ADOLESCENT CORPOGRAPHIES IN LATIN AMERICAN MIGRATION LITERATURE
DOI:
https://doi.org/10.7764/ANALESLITCHI.42.05Keywords:
Corpography, adolescence, migration, brutalism, ethicsAbstract
In the following text, I will examine the corpographies of adolescents in transit by linking them to the necropolitical context of precarious migration in which the resistance strategies of the following protagonists are developed: Jean in “Ciudad Berraca” (2018) by Chilean writer Rodrigo Ramos Bañados, Tayson in “Seoul, São Paulo” (2019) by Bolivian author Gabriel Mamani Magne, and Walter in Amarás a Dios sobre todas las cosas (2013) by Mexican author Alejandro Hernández.
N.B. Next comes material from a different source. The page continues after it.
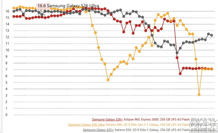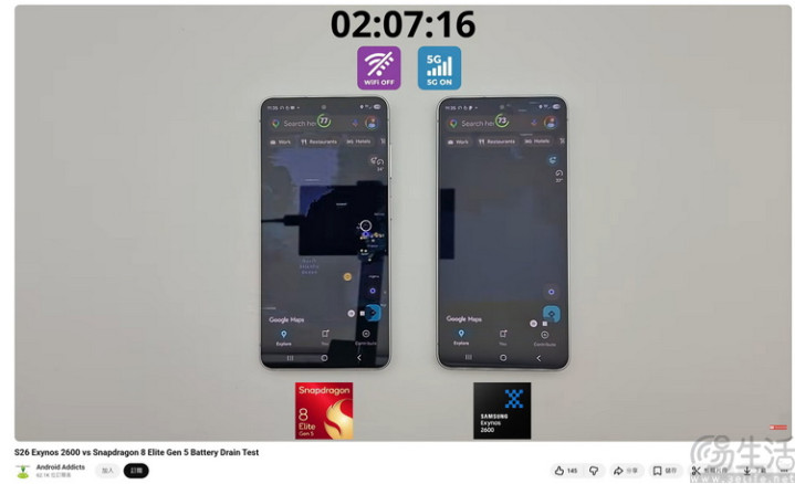 而在Android Addicts的续航测试里,搭载Exynos 2600的Galaxy S26 Ultra续航时分比同成就的第五代骁龙8至尊版机型,少了接近30%。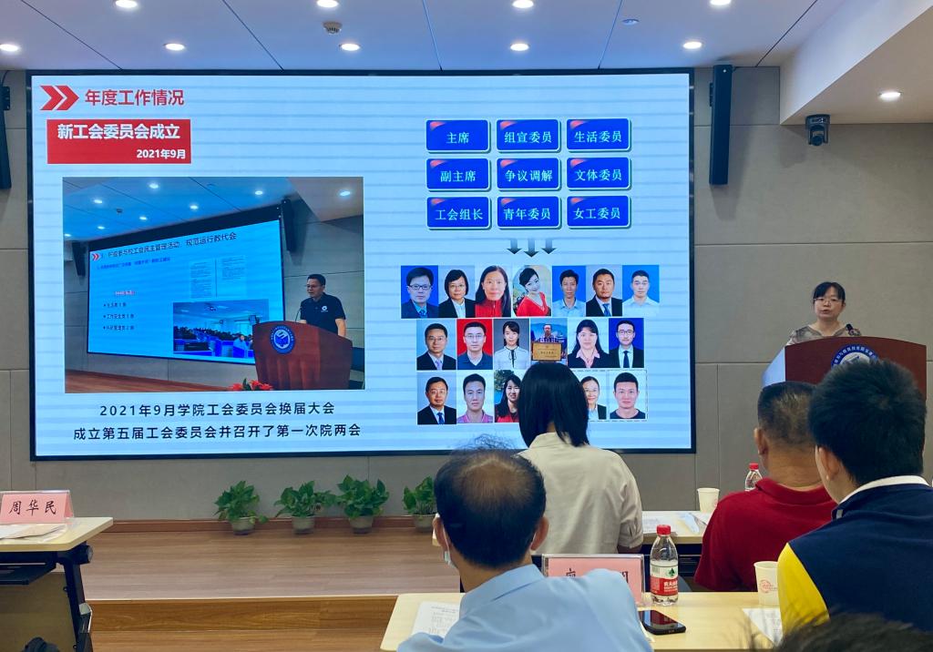 公司工会副主席刘洁做公司工会工作汇报,2022年全年工会活动丰富,进步明显,成绩斐然。公司新工会委员会通过开展红蓝篮球对抗赛、气排球师生赛、读书月、青材会、新春祝福视频、教工之星评选等各项院内活动,增进教职工交流;校级活动中,公司取得了教职工龙舟赛团体冠军、乒乓球团体赛甲级队亚军等优异成绩,并多次在校工会主页报道,公司工会连续多年获得“先进基层工会”称号。本学期,工会将配合院庆70周年,开展体育比赛、摄影比赛与表演等系列活动。经费使用上,工会将继续规范经费管理,多方筹措开源,为公司教职工谋福利。

In all three itineraries, bodies are marked by a process of metamorphosis linked to their peculiar moment of growth to which is added a radical spatial change that encloses them in discriminating racial logics. This double limitation damages their psychic construction and at the same time drives them to deploy abilities to overcome the trauma of the reification and spectralization of their bodies. Each adolescent discovers in the resilience of creation and micropolitical desire (Rolnick and Guattari) a sensitive way to tolerate the structural violence of migration: Jean with his chameleonic capacity to reappropriate the historical narrative, Tayson with dance as a “surface of projection” (Le Breton), and Walter with testimonial writing. By transforming bodies in becoming into worlds of desire, it allows us to think of a new ethical code (Braidotti) and to re-politicize the writing on migration.